Challenging the assessment order being passed contrary to the provisions of the law, patently invalid, unjustified, illegal, arbitrary and bad in law - HELD THAT:- CIT(A) has legally erred in holding that issuance of notice under section 143(2) within statutory period is not required in the cases covered under section 153A of the Act. Thus, this ground of appeal is being decided in favour of the assessee and accordingly in the absence of issuance of notice u/S 143(2) within the statutory time limit, the assessment order is held void ab initio.
Assessment under section 144 is bad in law - enough opportunity has been granted to the assessee to defend its case, therefore the plea to annual the case on this aspect is dismissed. Further we are of the view that the averment made by the AO in proceeding under section 148 in the case of Shri Bharat Das Vaishnav is of no help to the assessee as these proceedings are separate proceedings. Thus, ground No. 3 is allowed.
No adequate opportunity of being heard was provided during assessment - We found that the assessee during course of assessment proceedings attempted to comply with the various notices issued by the AOr, however, on account of group assessment certain details were filed, which were not found to be acceptable by the AO. Since application for additional evidences has been accepted by the CIT (Appeals), which is not challenged by the Department before us ground of appeal bearing No. 4 is dismissed.
Cash seized during the course of search at Sadar Bazar Branch of the assessee-bank - HELD THAT:- Without going into the merits of the addition we hereby set aside the order of the CIT (Appeals) as well as the AO and remand the issue back to the file of the Assessing Officer with the direction to adjudicate the issue on the merits after considering the evidences furnished by the assessee-bank.

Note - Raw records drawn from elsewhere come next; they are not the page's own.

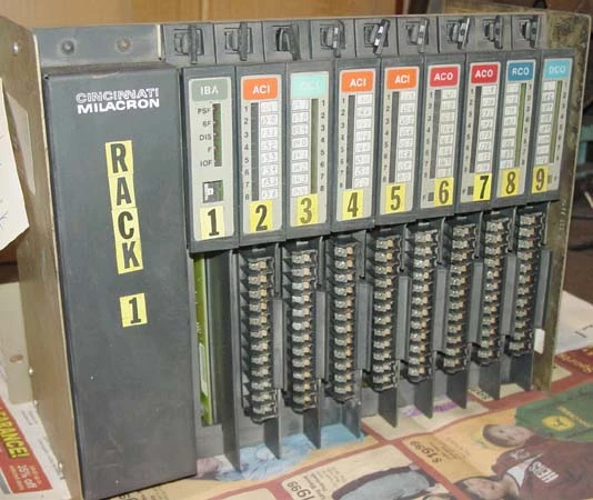 Cincinnati Milacron 850SX & 950 I/O Rack and Cards, CMI Part# 3-424-1648A, Boards (1) IBA 3-531-4267A, (3) ACI 3-531-3855A, (1) DCI 3-531-3891A, (2) ACO 3-531-3839A, (1) ROC 3-531-4262A, (1) DCO 3-531-3972A.
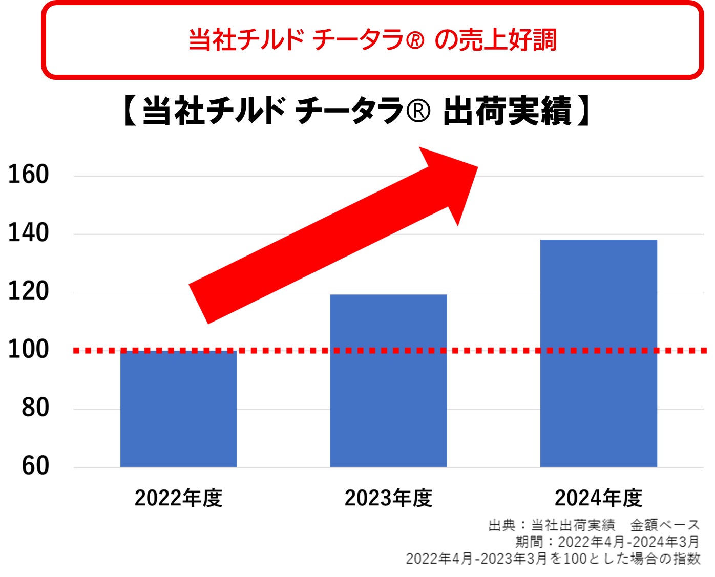 当社のチルドタイプチーズ「なめらか チータラⓇ」は、なめらかな食感が特長の商品で、主に40代以上の女性から支持をいただいています。人気のキャラクターや人気のスナック菓子、調味料とのコラボレーションを継続的に続けており、2024年度においても、2022年度対比で2桁伸長をしております。
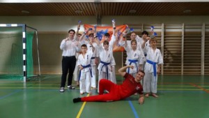 Нас пригласили на кубок новичков наши старые знакомые из города Ведель. Сэмпай Стивен, который с начала этого сезона полностью тренирует группу младших поясов, создал свою команду и полностью сам справился с организацией этой поездки! Иван Кроль, боец взрослой сборной, решил ему помочь и отправился на турнир в качестве судьи.

Deduction under section 80P to the assessee-bank - HELD THAT:- CIT(Appeals) has correctly interpreted the provisions of section 80P for the benefit of the assessee engaged in the business of banking or providing credit facilities to its members - the assessee is engaged in the business of banking and holding banking licence and the said licence has not been revoked/cancelled, therefore, in the absence of any contrary evidence being put forth, we are of the view, the assessee-bank is eligible for deduction under section 80P
Addition on account of depreciation, repair and maintenance expenses - HELD THAT:- CIT (Appeals) has given a categorical finding regarding the verification of amounts of depreciation from the books and the available record. Department has not brought on record any material to dislodge the findings of the CIT(Appeals) allowing the claim of depreciation and other business expenditure, viz., repair and maintenance expenses to the assessee is upheld.
Addition in relation to salary and incentive payments to Shri Mukesh Modi - HELD THAT:- The salary and incentives to Shri Mukesh Modi were on account of linking of incentives with the increased profits of the assessee-bank on year to year basis, therefore, incentives were linked to the performance. Further, we concur with the finding of the CIT(Appeals) that AO has not justified the basis of salary of ₹ 8 lakhs to Shri Mukesh Modi, thus, no comparison made. Further, since the provisions of section 40(A)(2)(b) are not applicable in the instant case as discussed above, there is no legal justification for making disallowance of salary and incentive payments by assuming the reasonable salary . Addition to be deleted
Addition u/s 68 in relation to share application money - HELD THAT:- Once the burden casted upon under section 68 is discharged, there remain no case of addition being confirmed in the hands of the assessee-bank for the share application money received from various members, whose identity remains proved by the assessee-bank as a few members presented themselves before the AO and the statement of Shri Mahendra Singh Chauhan, Sukh Devi and Aarif and other members were recorded during assessment proceedings, wherein they have owned up the investment in share application money made by them. Further all the members shareholders has given their confirmations, which remain uncontroverted by the Department. In our considered view, the provisions of section 68 cannot be applied in the same manner in the case of the assessee- bank as in the case of non-bank assessees as held in the judgment of CIT v. Pragati Co-operative Bank Ltd. [2005 (6) TMI 26 - GUJARAT HIGH COURT]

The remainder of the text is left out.